SELECT job_name, count(*) AS runs, max(ran_at) AS last_run
FROM cron_job_runs
WHERE ran_at > now() - interval '24 hours'
GROUP BY job_name
ORDER BY runs;
sql

Compare the run counts to the schedule in apps/server/vercel.json. A job that is defined but missing from this list, or running far below its schedule, is being dropped.

Mitigation (defense in depth):

  • GitHub Actions re-fires the critical routes on a schedule (.github/workflows/cron-server.yml). GitHub also throttles short intervals, so this is a partial backstop, not a full replacement.
  • External heartbeat monitor is the reliable fix. Register a monitor (for example Better Stack) that calls the critical endpoints on a fixed interval with the Authorization: Bearer $CRON_SECRET header. Because it runs outside Vercel and GitHub, it is unaffected by their scheduler gaps and fires at close to 100%. Cover at least /cron/replay-fallback (3 min) and /cron/self-monitor (30 min).
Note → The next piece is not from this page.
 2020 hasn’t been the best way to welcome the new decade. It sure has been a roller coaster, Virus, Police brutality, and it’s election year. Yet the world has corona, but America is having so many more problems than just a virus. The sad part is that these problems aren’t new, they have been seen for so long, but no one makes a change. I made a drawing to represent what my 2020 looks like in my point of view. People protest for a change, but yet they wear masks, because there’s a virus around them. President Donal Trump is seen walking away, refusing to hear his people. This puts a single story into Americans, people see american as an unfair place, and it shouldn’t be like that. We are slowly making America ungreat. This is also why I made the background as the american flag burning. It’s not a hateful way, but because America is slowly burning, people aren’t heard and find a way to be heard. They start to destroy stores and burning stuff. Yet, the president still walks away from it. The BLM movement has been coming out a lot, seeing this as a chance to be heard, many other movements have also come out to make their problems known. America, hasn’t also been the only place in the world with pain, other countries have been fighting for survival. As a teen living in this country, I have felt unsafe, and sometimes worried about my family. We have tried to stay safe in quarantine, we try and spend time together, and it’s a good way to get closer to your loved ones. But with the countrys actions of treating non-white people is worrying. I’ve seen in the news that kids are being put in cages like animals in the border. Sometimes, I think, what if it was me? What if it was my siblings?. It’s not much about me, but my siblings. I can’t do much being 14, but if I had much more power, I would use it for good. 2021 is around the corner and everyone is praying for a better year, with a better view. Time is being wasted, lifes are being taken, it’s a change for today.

Keep CRON_SECRET synchronized across the three schedulers (Vercel env, GitHub Actions secret, and the external monitor header) whenever it is rotated.
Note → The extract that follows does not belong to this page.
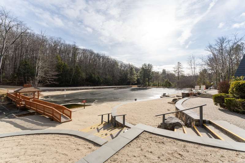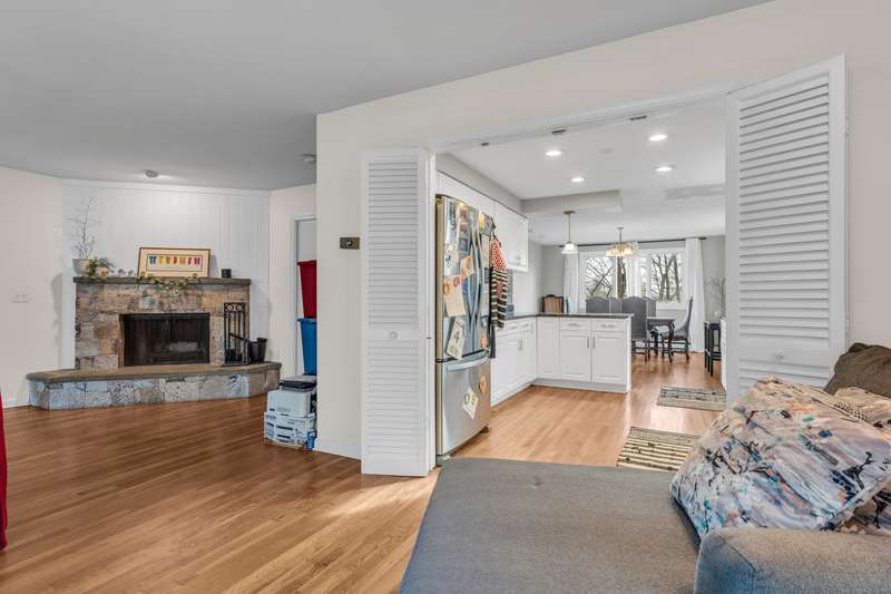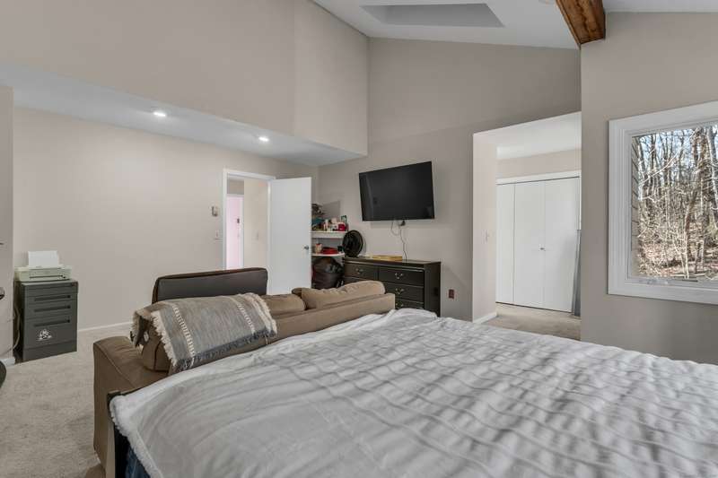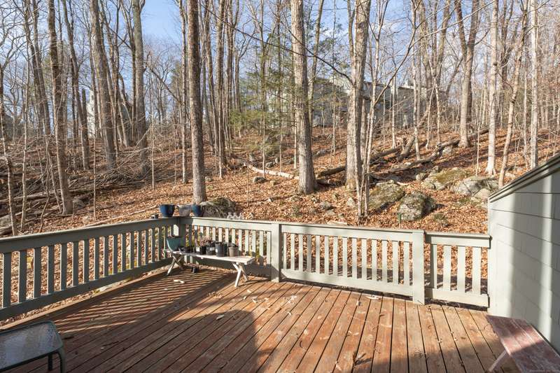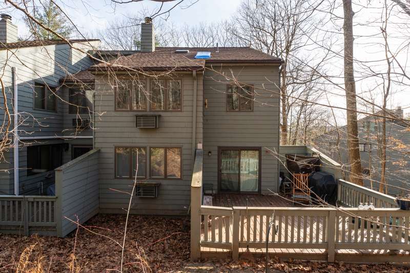 Welcome to 390 Trailsend Dr., a captivating end-unit townhome in the Lakeridge community, where resort-style living meets the beauty of nature. This bright and spacious 3-story "Lookout" model offers an open floor plan with vaulted ceilings, skylights, and hardwood floors. The updated kitchen features sleek granite countertops, stainless steel appliances, and crisp white cabinetry, all flowing seamlessly into the dining and living areas, complete with a charming fieldstone fireplace-ideal for cozy nights in. Upstairs, the primary bedroom suite offers a serene retreat with a walk-in shower, while two additional bedrooms and a full bath provide ample space for family or guests. The top floor reveals a fourth bedroom with wall-to-wall carpeting and vaulted ceilings, perfect as a private escape or office space. Enjoy outdoor living on the expansive deck, perfect for entertaining or simply relaxing in the warmer months. Situated on 243 acres bordered by nature preserves and offering an arra

A background migration is stuck

Large backfills run as chunked background migrations with a Postgres advisory lock and a heartbeat, driven by /cron/run-background-migrations. If that cron stops firing (see above) the queue stalls with no error.

  1. Check the queue:
    SELECT name, status, progress_current, progress_total, last_heartbeat_at
    FROM background_migrations
    WHERE status IN ('pending', 'running')
    ORDER BY created_at;
    sql
  2. A row stuck in running with a stale last_heartbeat_at (older than a few minutes) means the worker died mid-chunk. The next cron tick reclaims the lock and resumes from where it left off, so the usual fix is simply to make the cron fire again.
  3. Trigger one run by hand to resume:
    curl -X GET https://server.spanlens.io/cron/run-background-migrations \
      -H "Authorization: Bearer $CRON_SECRET"
    bash

Webhook deliveries are dead-lettering

Outbound webhooks retry 5 times with exponential backoff. A delivery that exhausts its retries, or whose endpoint was deleted, is dead-lettered: marked with dlq_at and a dlq_reason instead of retrying forever. A dead-letter count that climbs means a customer endpoint has been down long enough to burn through every retry.

  1. Watch webhooks.dlq_count in GET /health/deep. When it crosses the threshold an internal_alerts row (kind webhook_backlog) is raised at /admin/alerts.
  2. Inspect what is dead-lettered and why:
    SELECT webhook_id, dlq_reason, count(*)
    FROM webhook_deliveries
    WHERE dlq_at IS NOT NULL
    GROUP BY webhook_id, dlq_reason
    ORDER BY count DESC;
    sql
  3. exhausted means the endpoint returned errors or timed out for the full retry window (contact the customer). webhook_deleted and payload_missing are terminal and need no action.

Restore drills

Backups are only real if a restore has been tested. On a schedule (quarterly is a reasonable default), restore the latest Supabase backup and a ClickHouse backup into a throwaway environment and confirm the dashboard renders, using the exact commands in Backup and restore. Record how long the restore took; that is your real recovery time, not an estimate.